→ TO DO
Among the entries below, find the line with "Gambar 1. 1 Logo E-commerce Bukalapak" and the line with "Placering nr. 5. Se side 6". Return exactly those lines and every line between them, but no pictures.

→ DATA FOR PROCESSING
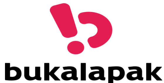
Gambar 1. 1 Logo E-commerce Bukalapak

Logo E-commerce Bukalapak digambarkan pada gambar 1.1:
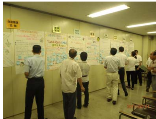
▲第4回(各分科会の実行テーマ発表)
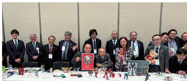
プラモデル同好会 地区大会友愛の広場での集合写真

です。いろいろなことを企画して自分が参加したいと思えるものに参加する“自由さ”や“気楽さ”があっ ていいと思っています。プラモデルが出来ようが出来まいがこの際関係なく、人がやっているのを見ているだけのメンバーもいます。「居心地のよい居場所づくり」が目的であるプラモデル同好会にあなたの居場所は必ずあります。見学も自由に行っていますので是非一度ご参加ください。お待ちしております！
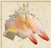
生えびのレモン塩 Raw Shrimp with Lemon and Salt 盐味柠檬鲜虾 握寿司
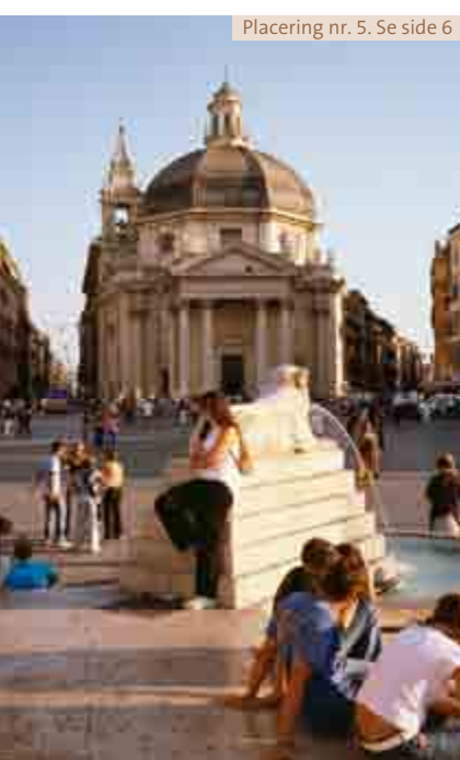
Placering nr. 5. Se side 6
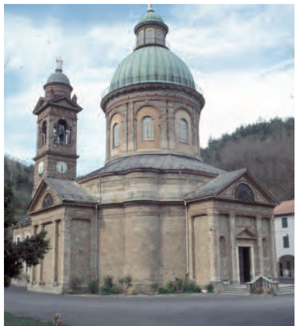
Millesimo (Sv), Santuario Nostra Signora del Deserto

==

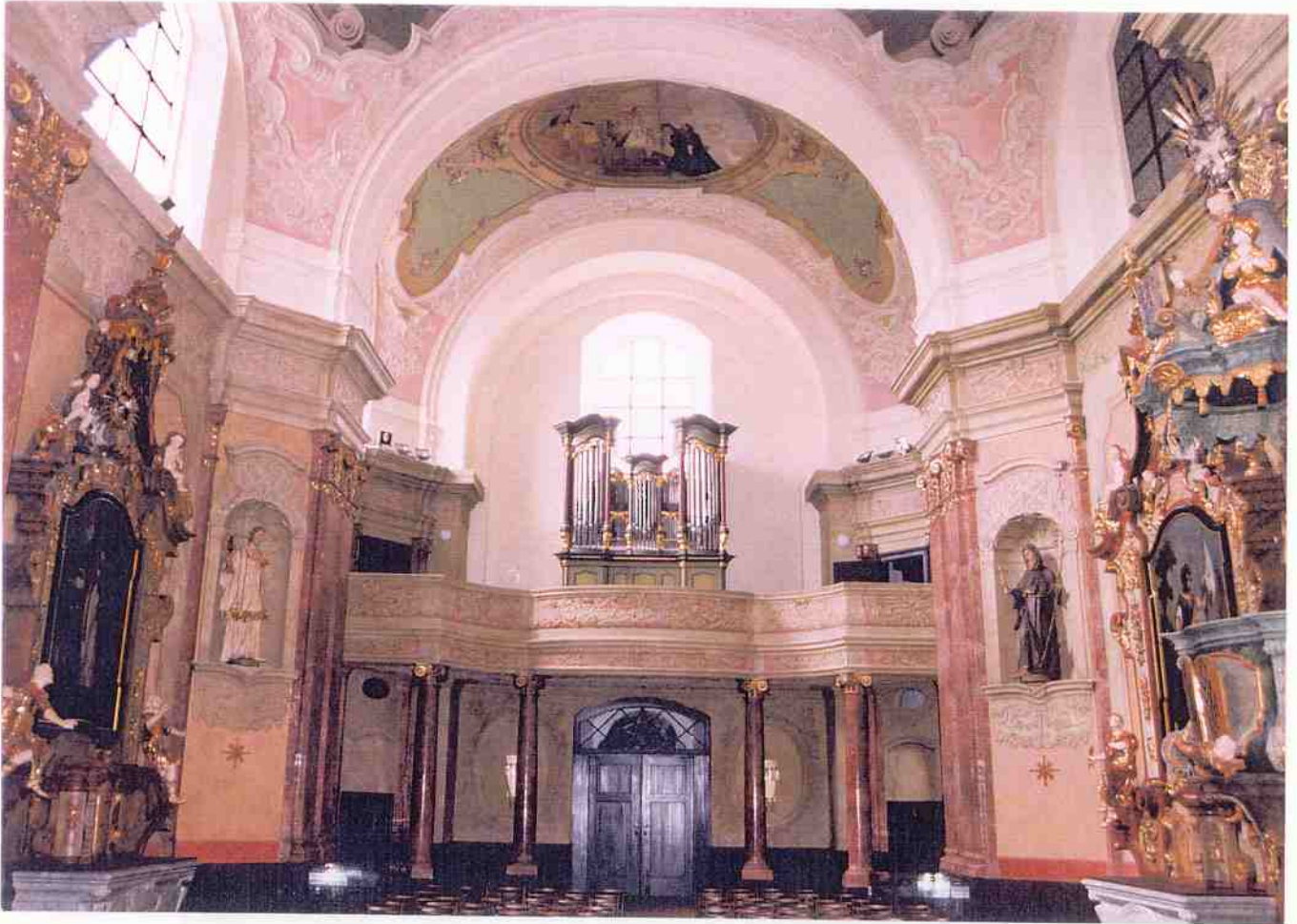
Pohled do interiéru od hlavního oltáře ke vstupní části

...

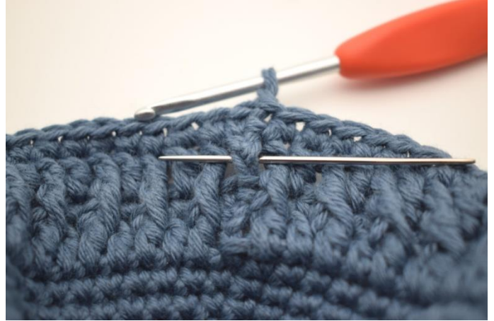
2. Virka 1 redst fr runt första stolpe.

→ RESULT
Gambar 1. 1 Logo E-commerce Bukalapak

Logo E-commerce Bukalapak digambarkan pada gambar 1.1:
▲第4回(各分科会の実行テーマ発表)
プラモデル同好会 地区大会友愛の広場での集合写真

です。いろいろなことを企画して自分が参加したいと思えるものに参加する“自由さ”や“気楽さ”があっ ていいと思っています。プラモデルが出来ようが出来まいがこの際関係なく、人がやっているのを見ているだけのメンバーもいます。「居心地のよい居場所づくり」が目的であるプラモデル同好会にあなたの居場所は必ずあります。見学も自由に行っていますので是非一度ご参加ください。お待ちしております！
生えびのレモン塩 Raw Shrimp with Lemon and Salt 盐味柠檬鲜虾 握寿司
Placering nr. 5. Se side 6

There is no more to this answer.